Exactly as written, print the lines from the top of the listing through the line containing "Our handmade dried"; include no pictures.

----------------------------------------

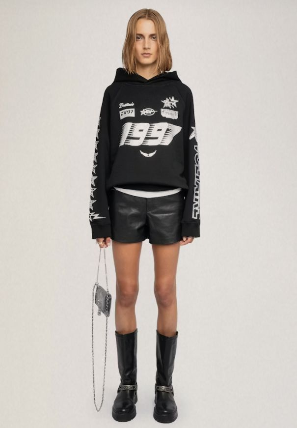 Sudadera con capucha con multicustomización de strass.
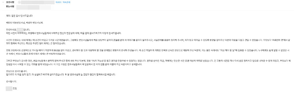 그리고 무엇보다 감사한 것은, 변호사님들께서 끝까지 믿어주시고 함께 싸워주신 덕분에, 정말 1% 가능성을 뚫고 결과를 만들어낼 수 있었다는 점입니다.
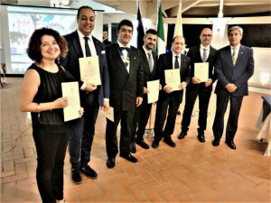 Chiamo adesso al tavolo della Presidenza i membri del mio staff per la sottoscrizione dell’impegno rotaryano la consegna di una pergamena e della rosetta di grado .
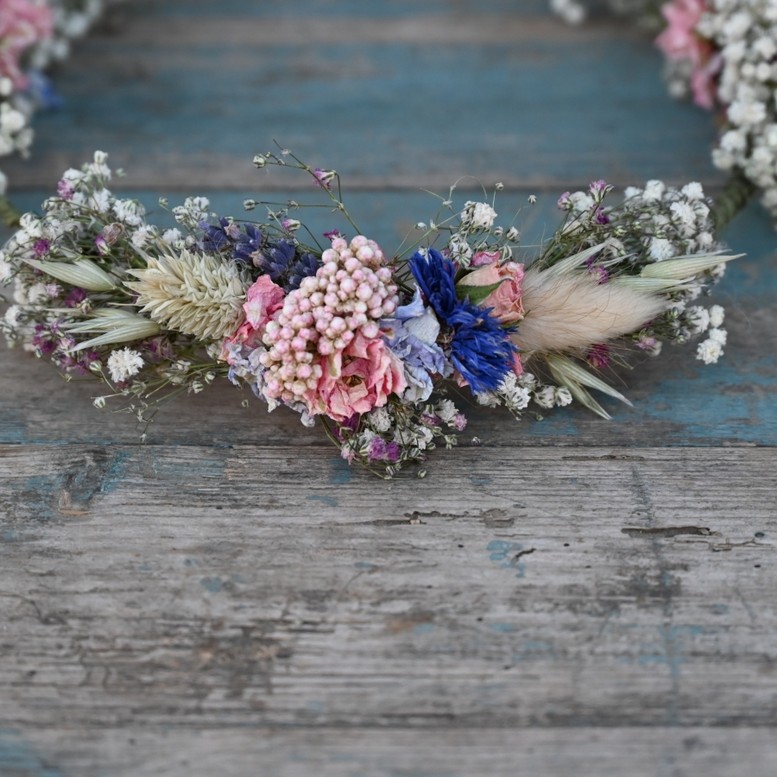 Our handmade dried flower hair crowns are a great alternative for creating a wild, bohemian look to your wedding.
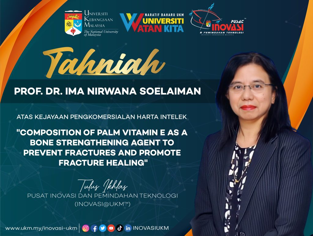 Tahniah diucapkan kepada pasukan penyelidik yang diketuai oleh Prof. Dr. Ima Nirwana Soelaiman atas kejayaan pengkomersialan harta intelek “COMPOSITION OF PALM VITAMIN E AS A BONE STRENGTHENING AGENT TO PREVENT FRACTURES AND PROMOTE FRACTURE HEALING” kepada syarikat ONE MEDS SDN. BHD. pada 5 Julai 2022 yang lalu.
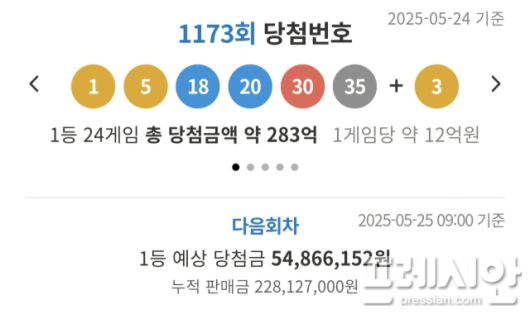 25일 동해복권에 따르면 지난 24일 오후 제1173회 로또복권 추첨한 결과 당첨 번호 6개를 모두 맞힌 1등 당첨자는 24명으로 각각 11억 7994만원의 당청금을 받는다. 1등 당첨 번호는 1,5,18,20,30,35번이다.
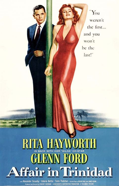 AFFAIR IN TRINIDAD (1952) DIR – PROD Vincent Sherman SCR Oscar Saul, James Gunn (verhaal van Virginia Van Upp, Berne Giler) CAST Rita Hayworth, Glenn Ford (Steve Emery), Alexander Scourby, Valerie Bettis, Torin Thatcher, Howard Wendell
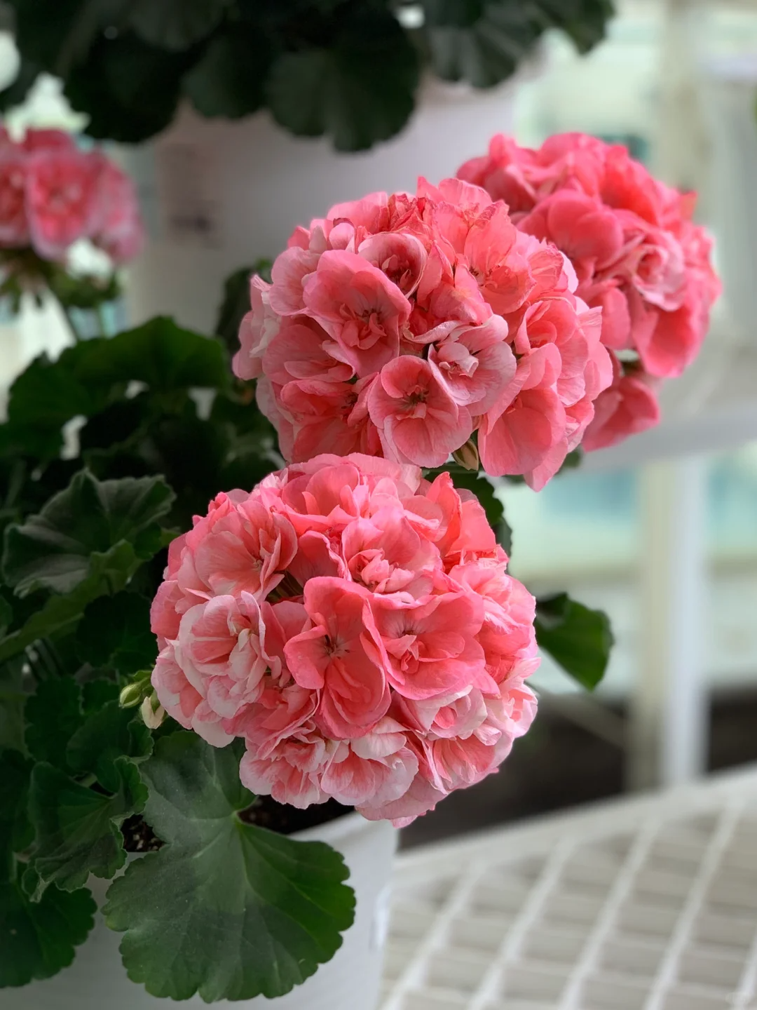 🌸Appearance: Apple Blossom Geraniums feature clusters of charming, rose-like flowers with delicate pink petals arranged in tight clusters. The flower buds resemble miniature rosebuds, adding to their appeal. The foliage is typically dark green and slightly glossy, providing an attractive backdrop to the blossoms.
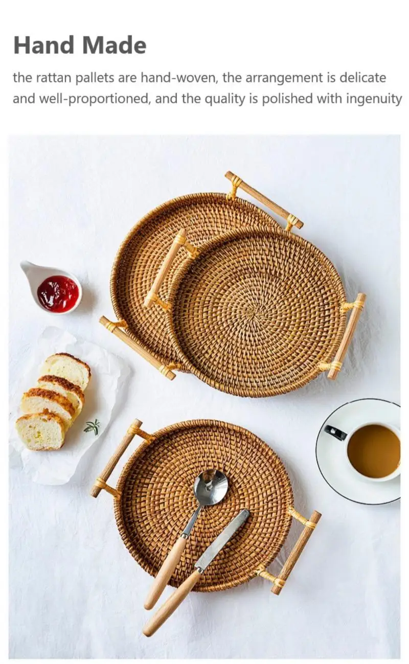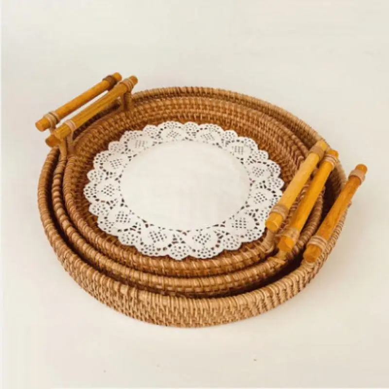 Круглый ротанговый поднос ручной работы с деревянной ручкой, тарелка для хлеба, закусок, тарелка для фруктов, тортов, поднос для хранения фруктов и еды, поднос для чашки, корзина
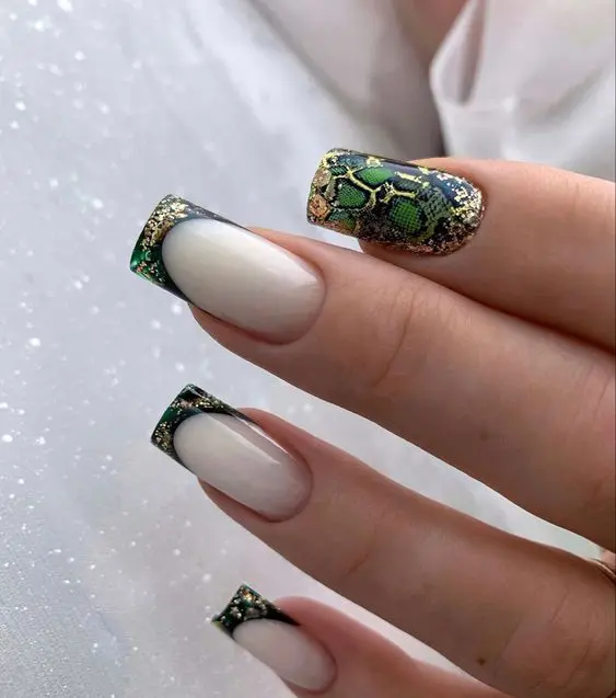 Попробуйте сделать френч с змеиной отделкой — например, добавив змеиный узор только на кончики ногтей.

----------------------------------------

**FINISHED EXERCISE**
 Sudadera con capucha con multicustomización de strass.
 그리고 무엇보다 감사한 것은, 변호사님들께서 끝까지 믿어주시고 함께 싸워주신 덕분에, 정말 1% 가능성을 뚫고 결과를 만들어낼 수 있었다는 점입니다.
 Chiamo adesso al tavolo della Presidenza i membri del mio staff per la sottoscrizione dell’impegno rotaryano la consegna di una pergamena e della rosetta di grado .
 Our handmade dried flower hair crowns are a great alternative for creating a wild, bohemian look to your wedding.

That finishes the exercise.